All of us have passions and special interests we know so personally that we come up with ideas for improvement and change. We listen to our hearts. God listens, and he speaks to our hearts; do we hear him? Do we listen to God and respond to the need or do we ignore God’s message?

This is the second form of listening. Granted God’s answer or solution probably is not stated in actual words spoken aloud directly to our face. Listening to God means accepting that a new idea or a new approach may be an answer to a problem. Listening to God means we feel a strong compulsion to donate our time or resources to fix something. Listening to God may be as simple as supporting someone else’s ideas and offering to help.

Listening carefully does lead to some problems. For one thing, listening means that you may have to accept your role in making something happen. You may have to share the idea with others or you may have to lead the effort to make it all work.
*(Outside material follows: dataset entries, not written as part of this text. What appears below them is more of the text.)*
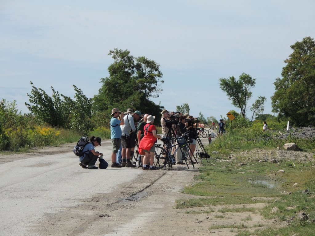 The setting for this gathering to examine a wandering bird-turned-extreme-rarity was a long spit of reclaimed land anchored at its east end to a corner of Toronto’s old industrial heartland and reaching out into Lake Ontario. The Spit, as it’s known, continues to grow as construction debris and excavated sub-soils arrive. As the trucks leave so trees and grasses take root making it a very green and leafy place popular with runners, cyclists and birders. It is a natural shoreline conduit for migrating birds and we noted many Eastern Kingbirds, Tree Swallows and Barn Swallows making their way heading south and west, and there was a brief flurry of excitement among the smaller birds as a Sharp-shinned Hawk cruised overhead, I half expected the Ringed Plover to fly away never to be seen again; but it stayed, making a day-long parade of birders happy.
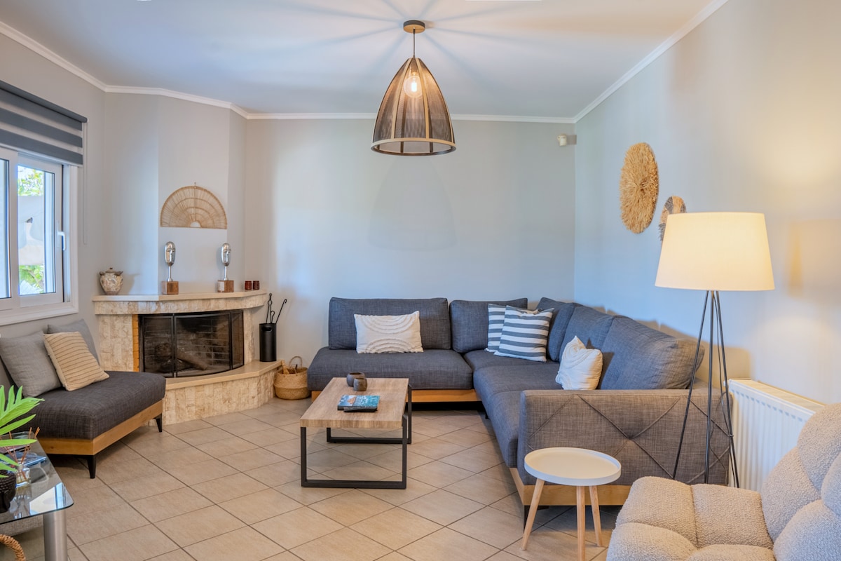 Naša vila, dio CretanRetreat-a, nudi prelijep pogled na mirnu lokaciju, idealnu za porodice, parove i istraživače. 98 m², 25 minuta od Herakliona, 15 minuta od Knososa, 30 minuta od aerodroma. ¥ 3 spavaće sobe 2 kupatila 2 bračna kreveta (1,6x2) ¥ 4 balkona ¥ Garden ¥ Parking u sklopu objekta ✭„Jedan od najboljih smještaja na Airbnb-u u kojima smo boravili! Odlična lokacija sa divnim pogledom i veoma mirna, okružena maslinjacima. Vila je puna karaktera i idealna lokacija za posjet Knososu i Heraklionu”
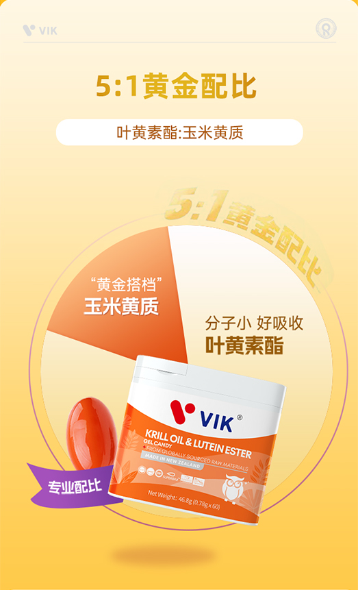 叶黄素酯与玉米黄质 5 : 1 天然比例,协同作用黄斑区,双效阻挡有害光。

Hearing God can also keep you very busy. Maybe you do not think you have the time, so you try to put it off. But God does not give up. He will keep nagging you and speaking to you until you answer.

When God speaks to us, at first we may not hear him; and sometimes we hear him, but we try to ignore him. We may not see a way to do what we hear him tell us. We may think we are not qualified, or we may not think we have the resources necessary. But that constant pull to do something will not disappear until you invest in God’s call.
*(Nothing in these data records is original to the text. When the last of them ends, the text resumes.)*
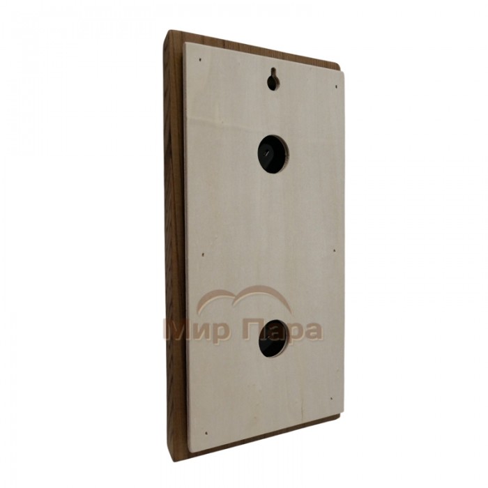 Вертикальное исполнение корпуса экономит место на стене и делает прибор визуально аккуратным и легко читаемым на расстоянии. Корпус выполнен из натурального кедра, устойчивого к влаге и высоким температурам, что особенно важно для эксплуатации в условиях бани и сауны.
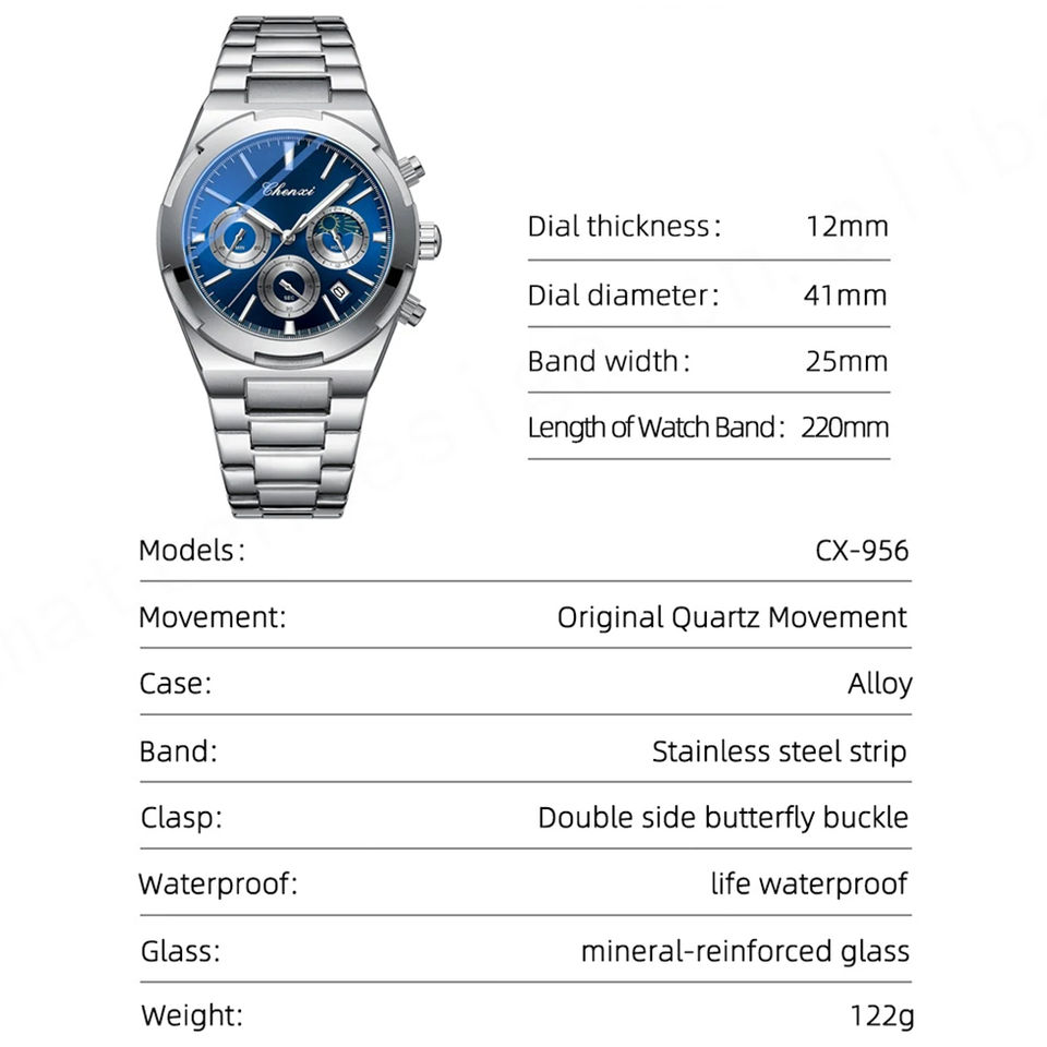 ลักษณะ:ออโต้วันที่, โครโนกราฟ, วัน / วัน, กันน้ำ, เรืองแสง, แสงกลับ
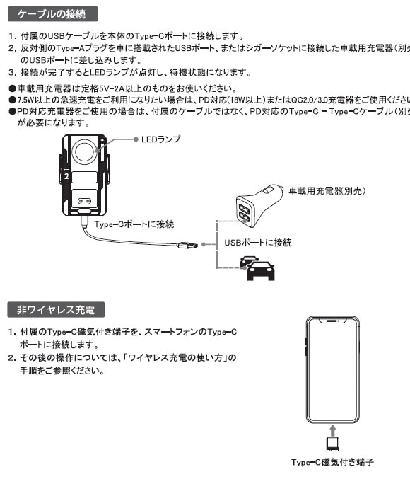 ※ワイヤレス充電対応機器では、「Type-C磁気付き端子」を使用しての充電は行わないでください。本端子を使用すると、機器のワイヤレス充電機能が正常に動作しなくなるおそれがあります。
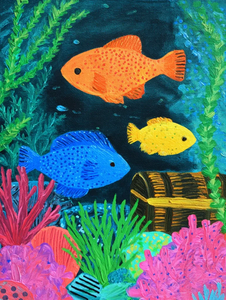 This lively underwater scene features three brightly colored tropical fish swimming gracefully near a mysterious wooden treasure chest. The composition is packed with vibrant details, including spiky pink coral, waving green sea grass, and a dark, moody blue background that makes the neon orange, yellow, and royal blue of the fish truly stand out. Each element uses small, playful dots and dashes of paint to create texture, giving the whole ocean floor a cheerful and busy feel that captures the imagination instantly.

Therefore, the next step when listening to God is following God’s instructions to the best of your ability. God will give us the strength, the supplies, and the ability to see his work completed. We simply must “just say yes”* when he speaks.

In Bishop Schnase’s acknowledges a problem churches have had in acting on God’s requests. In his latest book, Just Say Yes, the traditional committee-format for church governing has stopped many ministry ideas. Why? The committee structure cannot respond quickly. The timeline often takes three months just to get an idea introduced.

Therefore, after listening and hearing God, then follow the idea as far as you can independently. When you reach a time that additional manpower or resources are needed, then develop a plan and seek others to join in or if necessary take it to the church council for further assistance.

The council may discuss it and turn it down, but if the project fulfills the church’s mission, is having positive results and the resources are available, it can be quickly approved and allowed to move forward. There will not be a three or more month delay in the work. This is listening, following and finally letting God’s light shine.

Listening to God is not easy especially when it calls us to action, but as Christians we are asked to share the Good News or through a different metaphor, let God’s light shine. First listen, then follow, and let the light shine. We may not understand God’s full plan or know what to expect, yet when God is in charge surprising results occur.

Closing prayer:

Dear God,

You have granted us many gifts, skills and talents.

Sometimes we do not hear what you ask us to do.

Sometimes we ignore that inner message you send.

We ask your patience, Lord, as we learn to listen.

Speak loudly making sure we hear what you ask.

Yell at us until we accept our Christian responsibility.

Guide us to follow Jesus’ example who heard Bartimaeus.

Let us hear the cry of the lonely, the hurting, and the fearful.

Then speak to us so we may find a way to let your light shine.

As we listen, guide us in learning to follow.

As we follow, guide us in finding ways to share the light.

As we see the light shine, may others find the way.